(Data extracted from a collection)
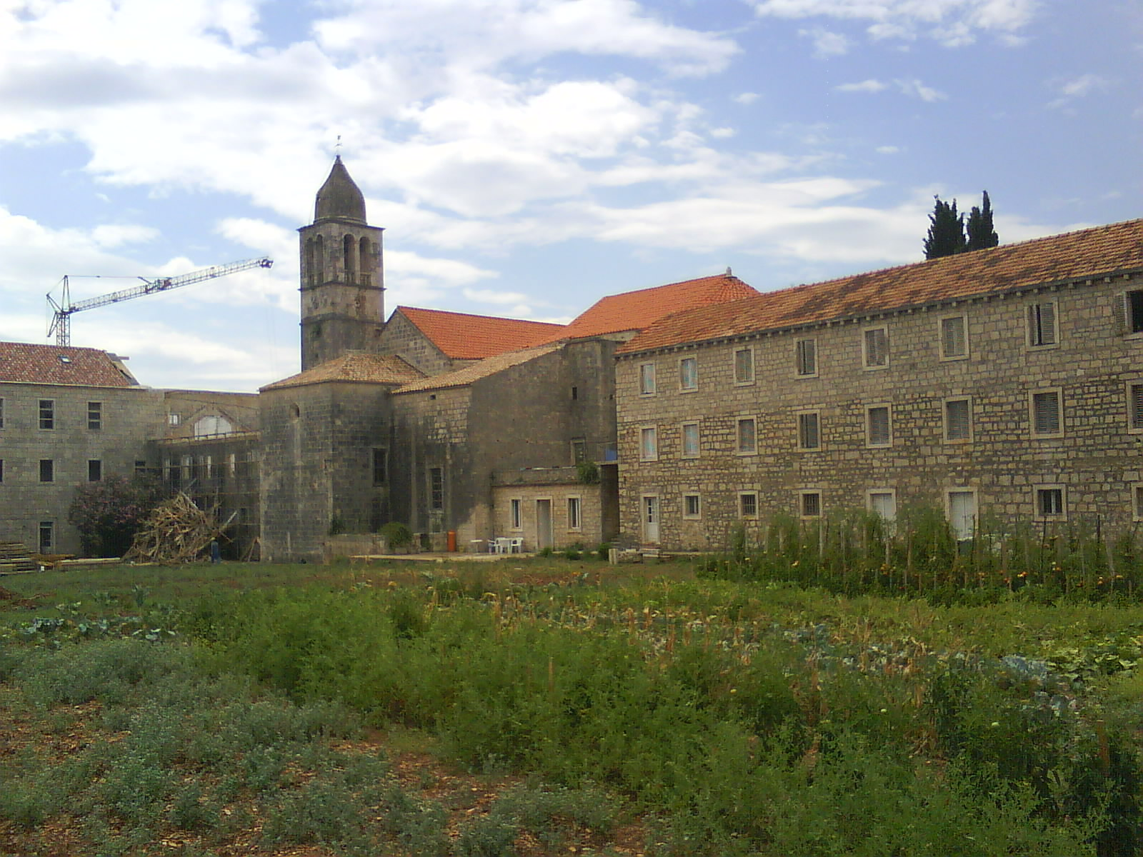 Franciscan monastery on island of Badija
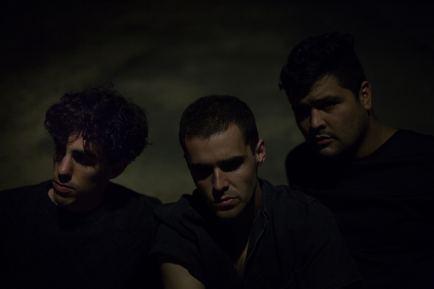 A 2015 photo of Australian minimal soul band Movement.
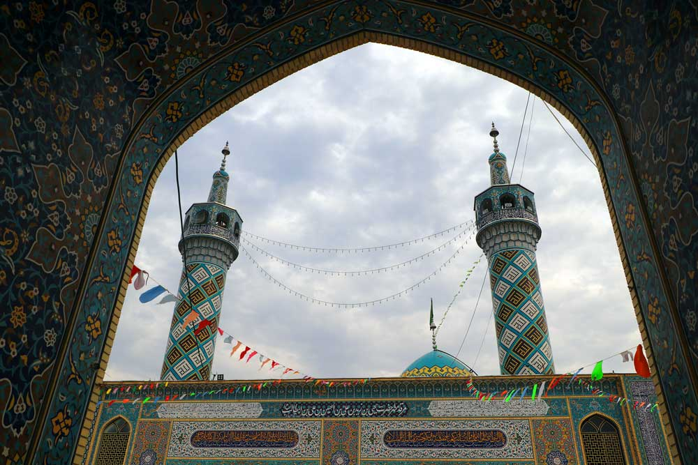 Imamzadeh's view of Yahya bin Zayd (as). Gonbad Kavous
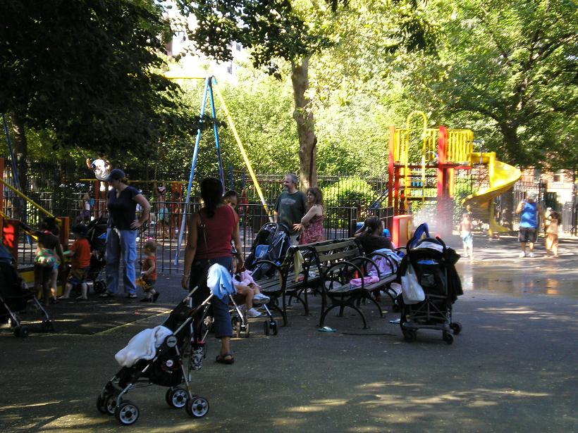 Children playing in Tompkins Square Park, New York City.
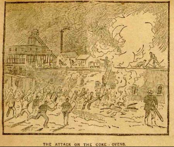 Coal workers attack the coke oven to halt the operation of the coal company during the Moorewood coal mining strike of 1891.
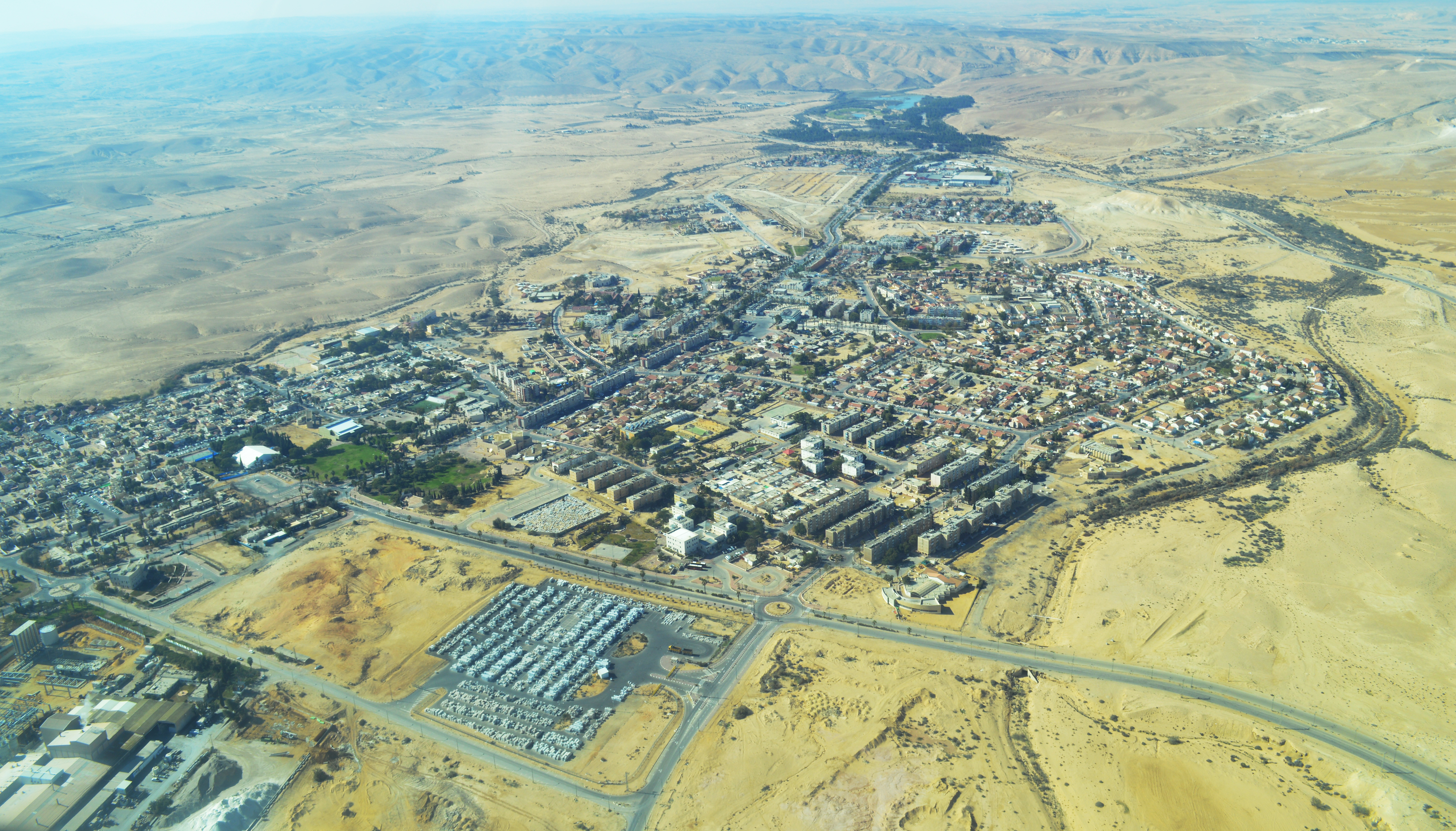 Yeruham Aerial View
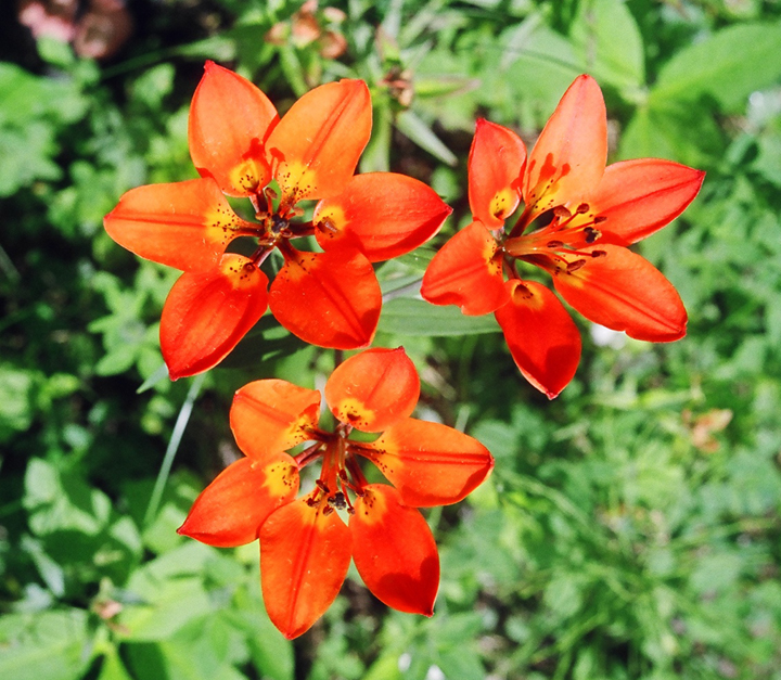 The western wood lily (Lilium philadelphicum) is found on south-facing montane slopes and open temperate-zone aspen parkland. This large, very showy orange flower opens upward, displaying black-ended stamens and black dots on the inner part of the petals. It is a protected plant in Canada, but because of its beauty, it is a target for uneducated pickers. Unfortunately, this kills the plant, which is unable to produce two sets of leaves in a summer. It is commonly but incorrectly known as the "tiger lily," to which it bears little resemblance. The western wood lily is the provincial flower of Saskatchewan, Canada, and blooms from June to August. Ø2004 D. Windrim Captioned As { }

* [Exercise] Reproduce every entry word for word, but skip any pictures.

* [Output]
 Franciscan monastery on island of Badija
 A 2015 photo of Australian minimal soul band Movement.
 Imamzadeh's view of Yahya bin Zayd (as). Gonbad Kavous
 Children playing in Tompkins Square Park, New York City.
 Coal workers attack the coke oven to halt the operation of the coal company during the Moorewood coal mining strike of 1891.
 Yeruham Aerial View
 The western wood lily (Lilium philadelphicum) is found on south-facing montane slopes and open temperate-zone aspen parkland. This large, very showy orange flower opens upward, displaying black-ended stamens and black dots on the inner part of the petals. It is a protected plant in Canada, but because of its beauty, it is a target for uneducated pickers. Unfortunately, this kills the plant, which is unable to produce two sets of leaves in a summer. It is commonly but incorrectly known as the "tiger lily," to which it bears little resemblance. The western wood lily is the provincial flower of Saskatchewan, Canada, and blooms from June to August. Ø2004 D. Windrim Captioned As { }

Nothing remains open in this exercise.